---------- DATA SUPPLIED ----------

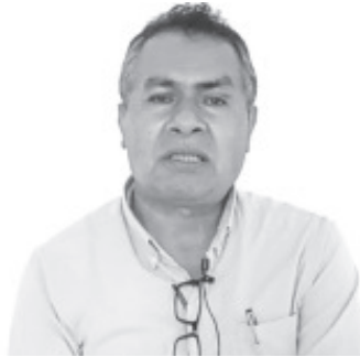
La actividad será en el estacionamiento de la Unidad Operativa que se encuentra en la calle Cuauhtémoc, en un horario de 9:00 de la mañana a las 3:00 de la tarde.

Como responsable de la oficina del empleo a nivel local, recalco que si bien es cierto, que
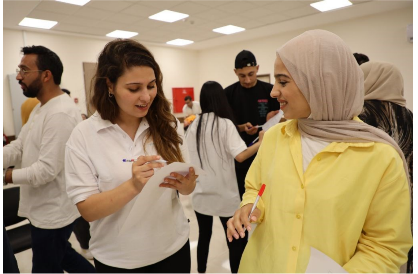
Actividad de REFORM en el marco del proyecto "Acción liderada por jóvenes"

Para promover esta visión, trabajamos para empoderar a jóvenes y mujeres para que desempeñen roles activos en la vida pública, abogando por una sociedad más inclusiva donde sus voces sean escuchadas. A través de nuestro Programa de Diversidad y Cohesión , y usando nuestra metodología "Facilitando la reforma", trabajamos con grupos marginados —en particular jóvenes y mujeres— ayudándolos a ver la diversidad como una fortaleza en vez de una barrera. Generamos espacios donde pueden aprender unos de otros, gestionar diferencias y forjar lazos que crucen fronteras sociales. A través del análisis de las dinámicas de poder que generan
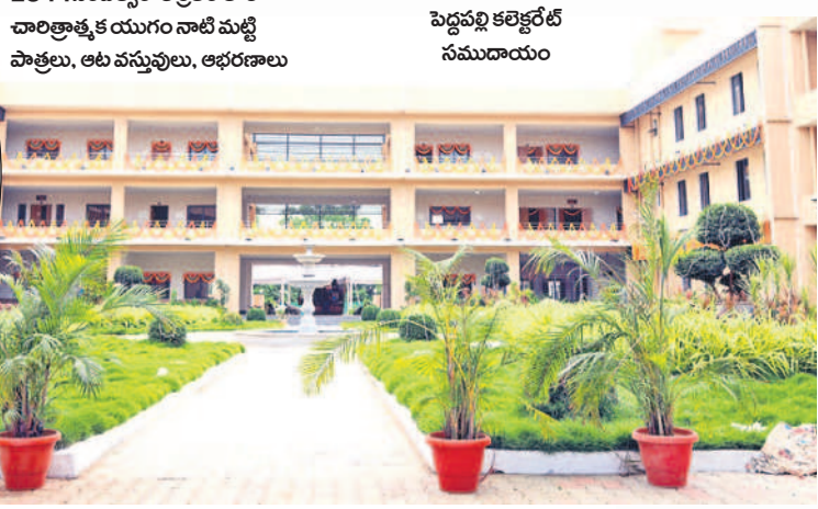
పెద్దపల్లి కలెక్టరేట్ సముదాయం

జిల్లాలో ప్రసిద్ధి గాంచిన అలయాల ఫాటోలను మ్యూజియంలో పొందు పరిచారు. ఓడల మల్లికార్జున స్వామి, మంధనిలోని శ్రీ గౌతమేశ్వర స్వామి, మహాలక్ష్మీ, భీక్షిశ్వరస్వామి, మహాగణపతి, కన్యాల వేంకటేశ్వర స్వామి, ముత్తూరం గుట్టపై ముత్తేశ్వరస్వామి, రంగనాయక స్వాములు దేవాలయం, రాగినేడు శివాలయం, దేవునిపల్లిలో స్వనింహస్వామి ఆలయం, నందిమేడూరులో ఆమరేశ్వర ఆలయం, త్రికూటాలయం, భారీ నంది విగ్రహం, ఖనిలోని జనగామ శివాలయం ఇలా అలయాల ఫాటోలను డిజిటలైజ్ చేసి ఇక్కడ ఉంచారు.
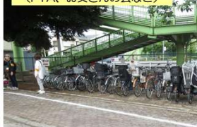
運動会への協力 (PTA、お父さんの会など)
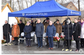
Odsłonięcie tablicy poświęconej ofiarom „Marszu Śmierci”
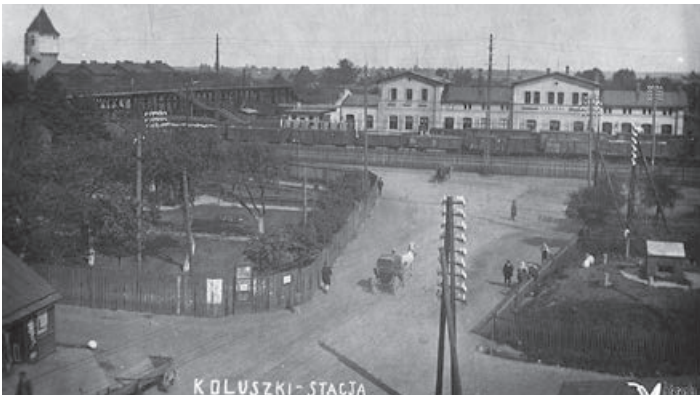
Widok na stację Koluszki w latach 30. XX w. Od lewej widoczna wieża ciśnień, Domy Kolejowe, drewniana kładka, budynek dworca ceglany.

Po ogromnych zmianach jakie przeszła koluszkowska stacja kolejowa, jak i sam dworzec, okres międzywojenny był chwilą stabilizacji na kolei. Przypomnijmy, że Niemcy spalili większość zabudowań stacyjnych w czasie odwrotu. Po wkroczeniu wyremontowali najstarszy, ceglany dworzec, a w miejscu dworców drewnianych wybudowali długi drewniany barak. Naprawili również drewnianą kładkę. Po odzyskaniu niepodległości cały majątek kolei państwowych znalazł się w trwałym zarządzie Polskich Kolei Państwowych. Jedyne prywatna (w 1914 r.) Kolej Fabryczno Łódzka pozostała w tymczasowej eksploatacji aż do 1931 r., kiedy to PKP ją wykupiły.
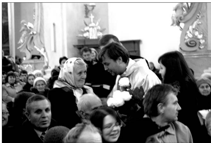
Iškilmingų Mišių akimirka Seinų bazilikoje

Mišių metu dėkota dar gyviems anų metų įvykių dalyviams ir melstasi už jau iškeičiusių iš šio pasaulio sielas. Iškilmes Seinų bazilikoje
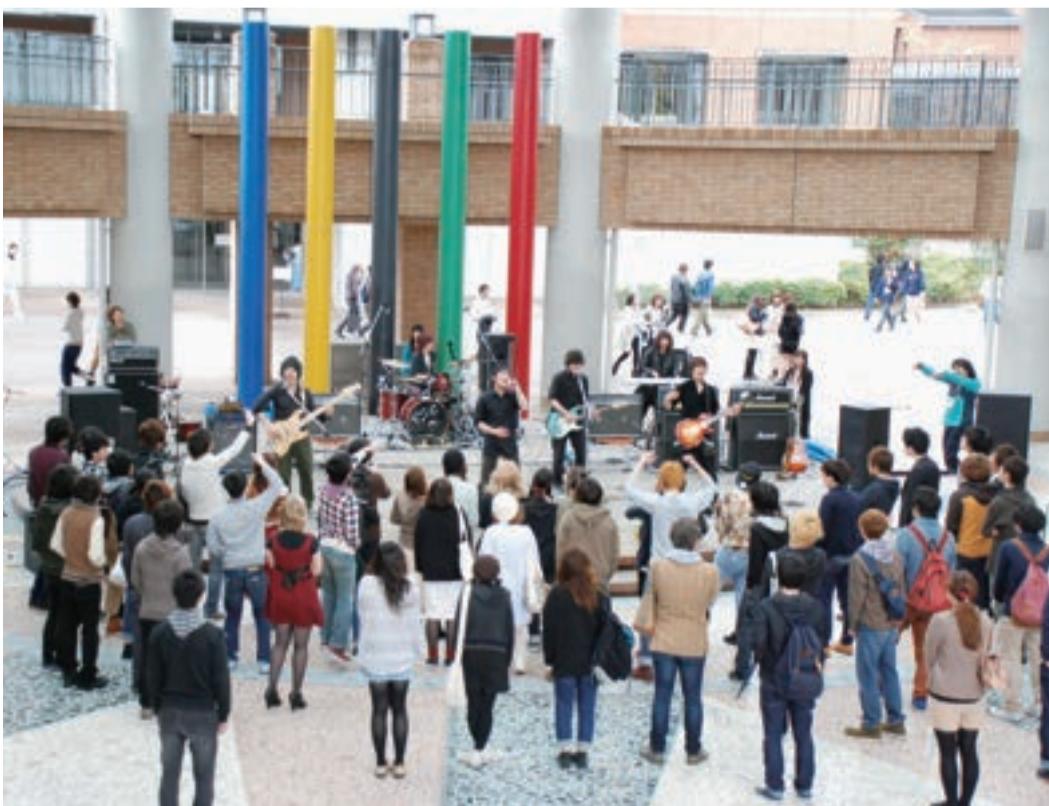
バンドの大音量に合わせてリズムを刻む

----------

**PROBLEM STATEMENT**:
Every line above from the one with "Como responsable de" down to the one with "పెద్దపల్లి కలెక్టరేట్ సముదాయం" must be written out exactly, and no picture may appear.

**TASK RESULT**:
Como responsable de la oficina del empleo a nivel local, recalco que si bien es cierto, que
Actividad de REFORM en el marco del proyecto "Acción liderada por jóvenes"

Para promover esta visión, trabajamos para empoderar a jóvenes y mujeres para que desempeñen roles activos en la vida pública, abogando por una sociedad más inclusiva donde sus voces sean escuchadas. A través de nuestro Programa de Diversidad y Cohesión , y usando nuestra metodología "Facilitando la reforma", trabajamos con grupos marginados —en particular jóvenes y mujeres— ayudándolos a ver la diversidad como una fortaleza en vez de una barrera. Generamos espacios donde pueden aprender unos de otros, gestionar diferencias y forjar lazos que crucen fronteras sociales. A través del análisis de las dinámicas de poder que generan
పెద్దపల్లి కలెక్టరేట్ సముదాయం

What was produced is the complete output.